Keep the pictures out, and restate the listing that follows exactly as written.

_DATA BELOW_
════════════════

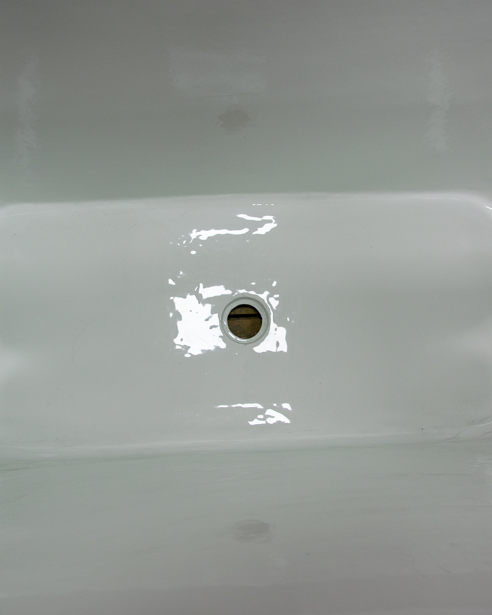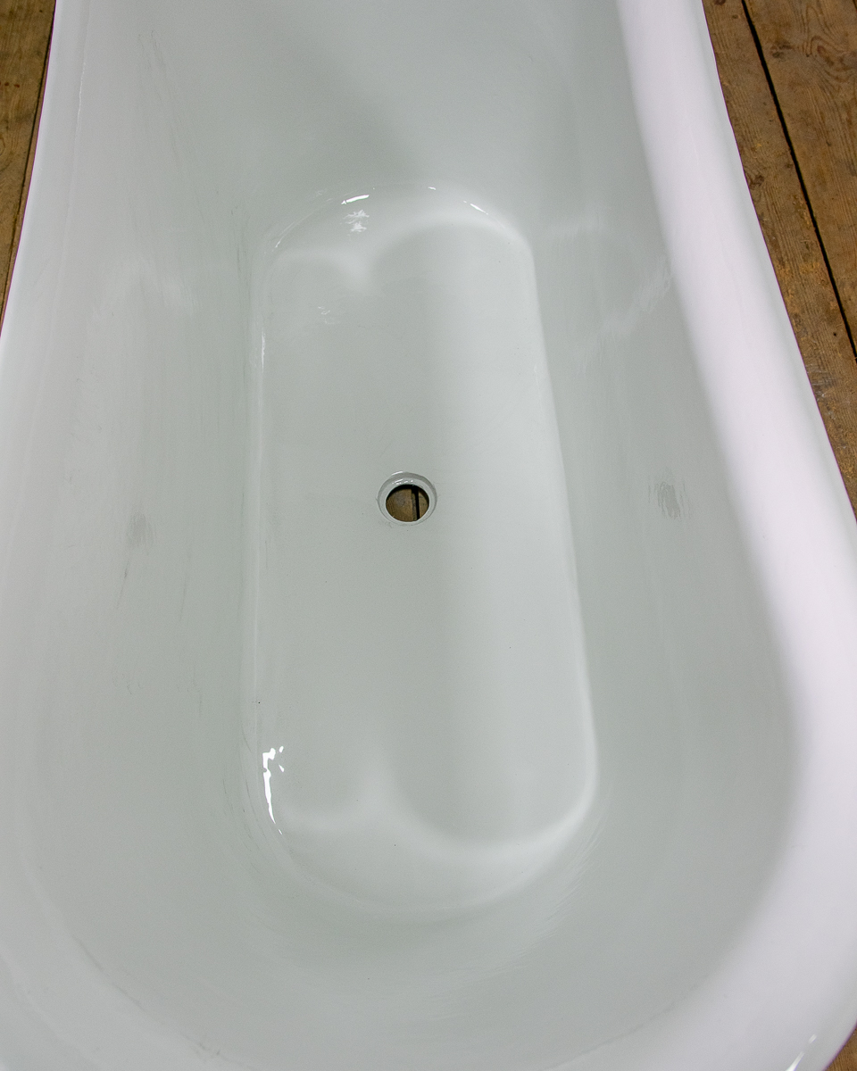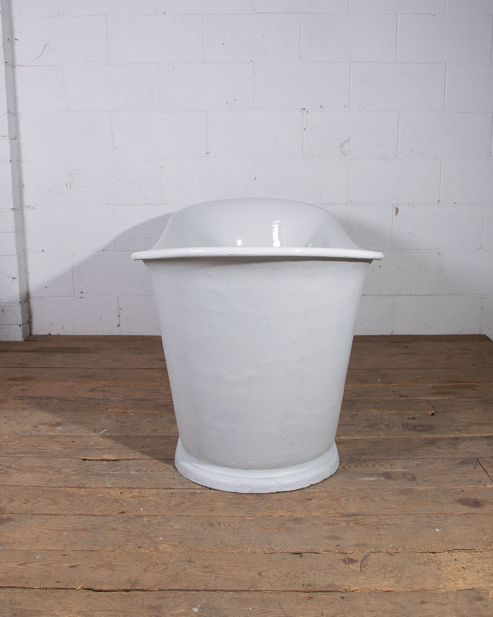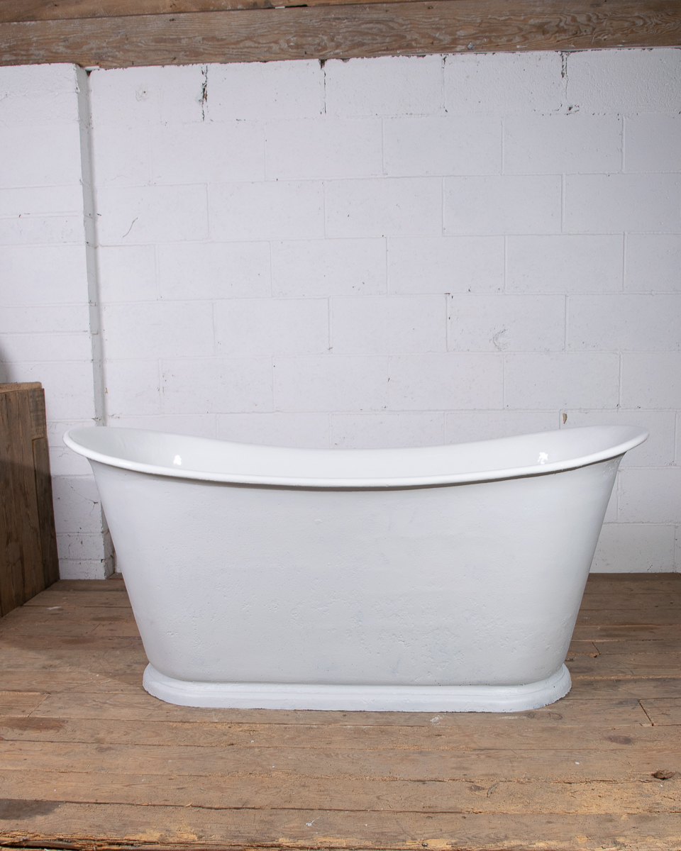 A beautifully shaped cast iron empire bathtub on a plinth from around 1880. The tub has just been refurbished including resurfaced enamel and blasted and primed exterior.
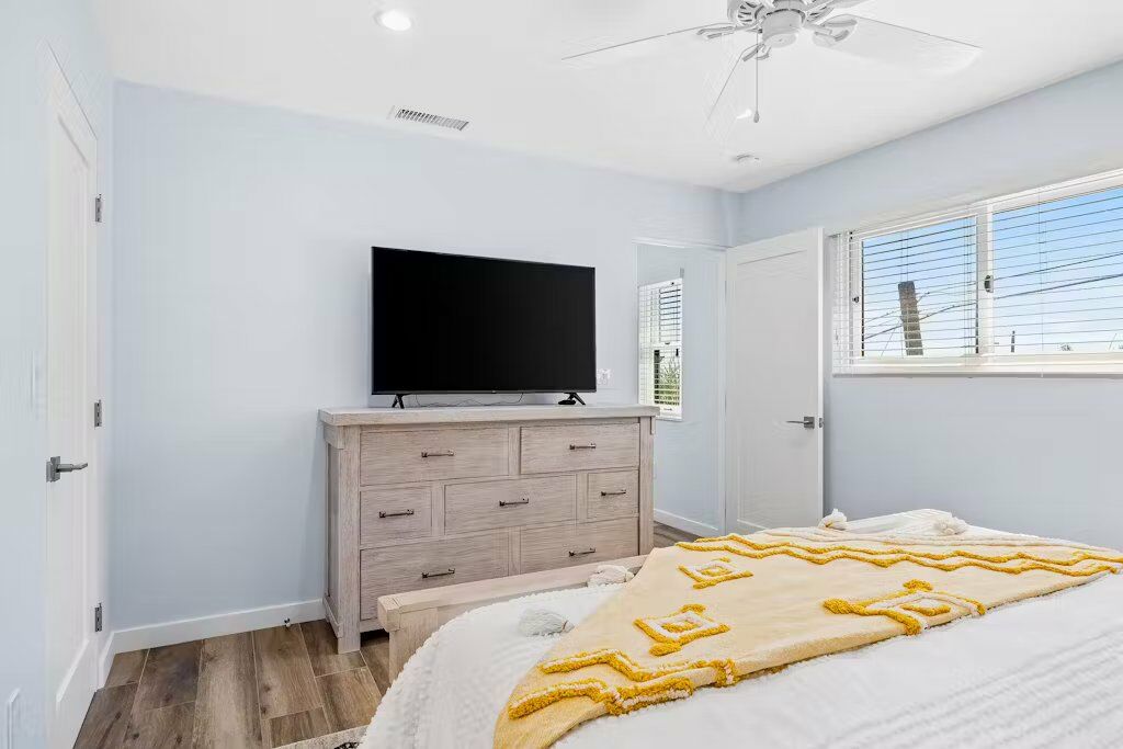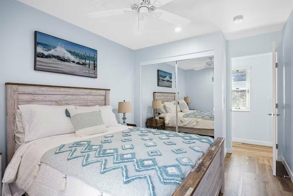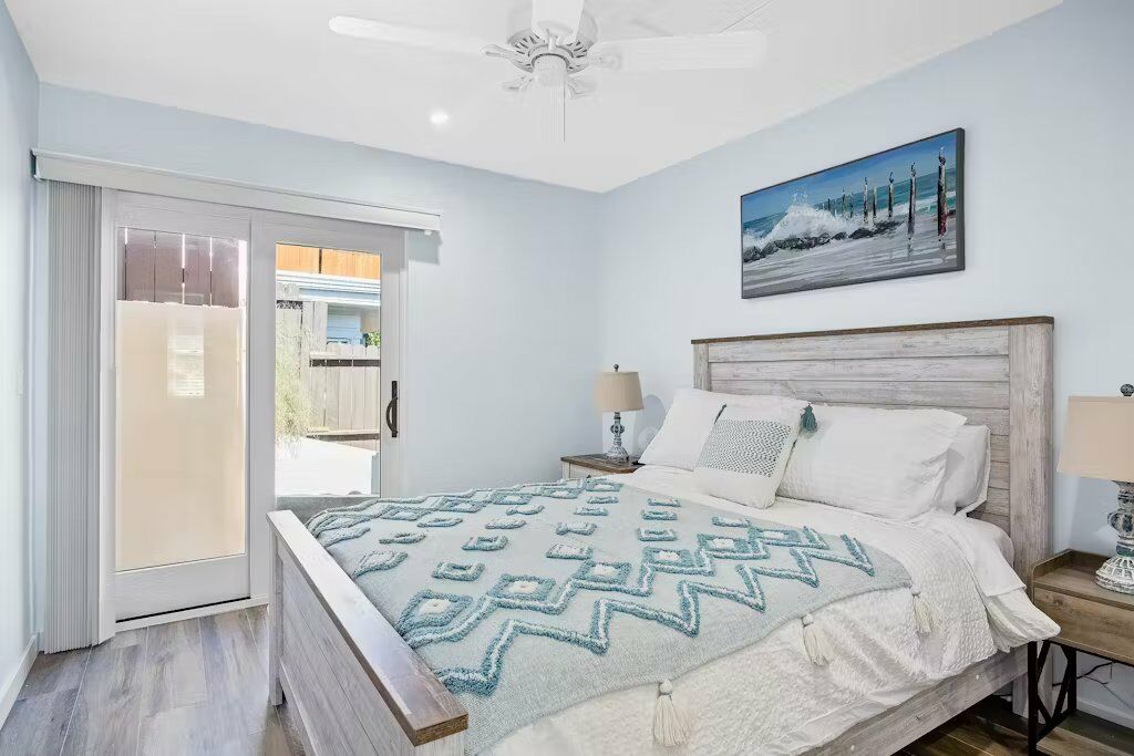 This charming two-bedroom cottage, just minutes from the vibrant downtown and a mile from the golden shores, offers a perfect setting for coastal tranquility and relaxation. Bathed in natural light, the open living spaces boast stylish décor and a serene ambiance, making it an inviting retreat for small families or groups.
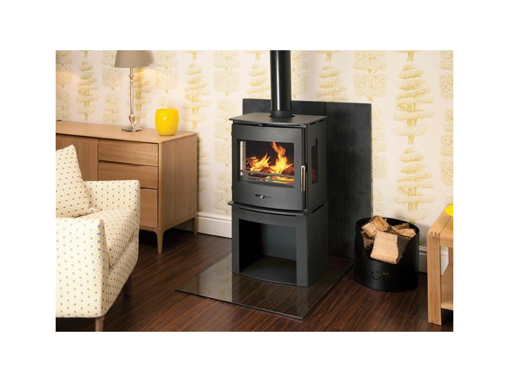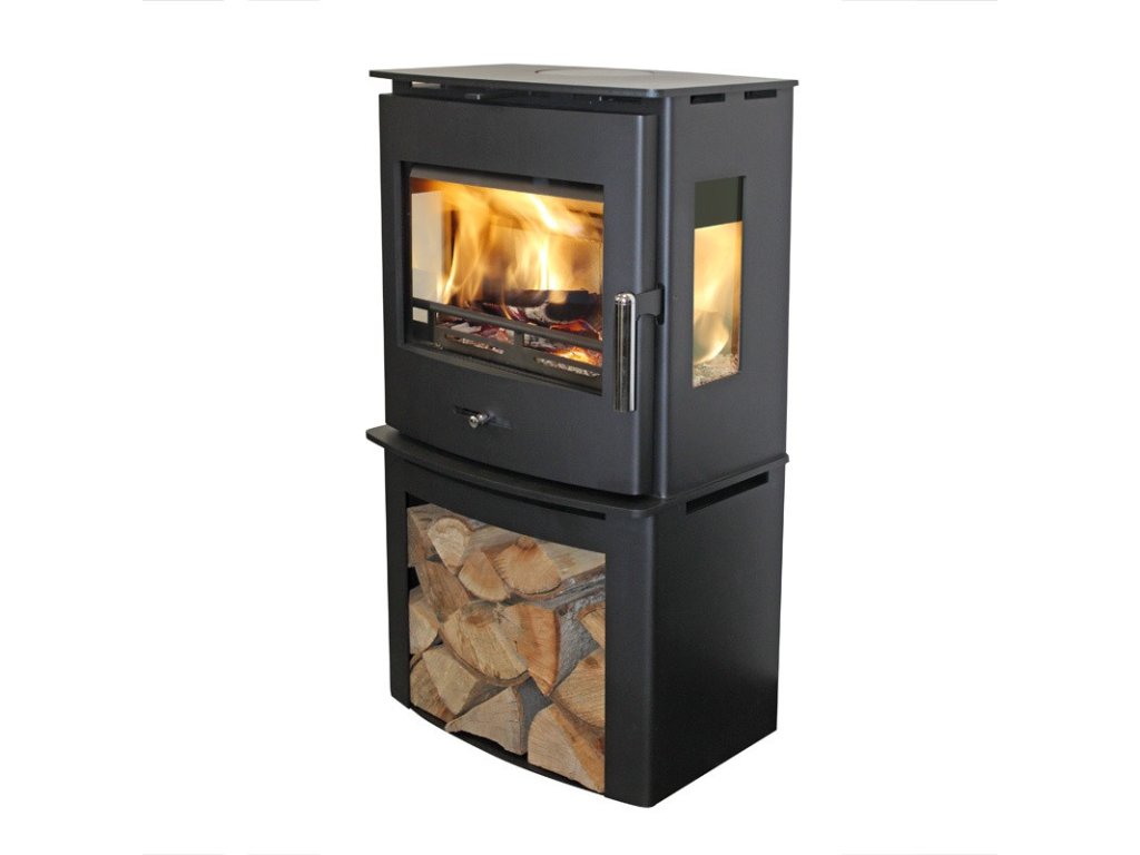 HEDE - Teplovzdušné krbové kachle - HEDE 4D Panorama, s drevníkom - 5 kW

════════════════

_RESPONSE AREA_
 A beautifully shaped cast iron empire bathtub on a plinth from around 1880. The tub has just been refurbished including resurfaced enamel and blasted and primed exterior.
 This charming two-bedroom cottage, just minutes from the vibrant downtown and a mile from the golden shores, offers a perfect setting for coastal tranquility and relaxation. Bathed in natural light, the open living spaces boast stylish décor and a serene ambiance, making it an inviting retreat for small families or groups.
 HEDE - Teplovzdušné krbové kachle - HEDE 4D Panorama, s drevníkom - 5 kW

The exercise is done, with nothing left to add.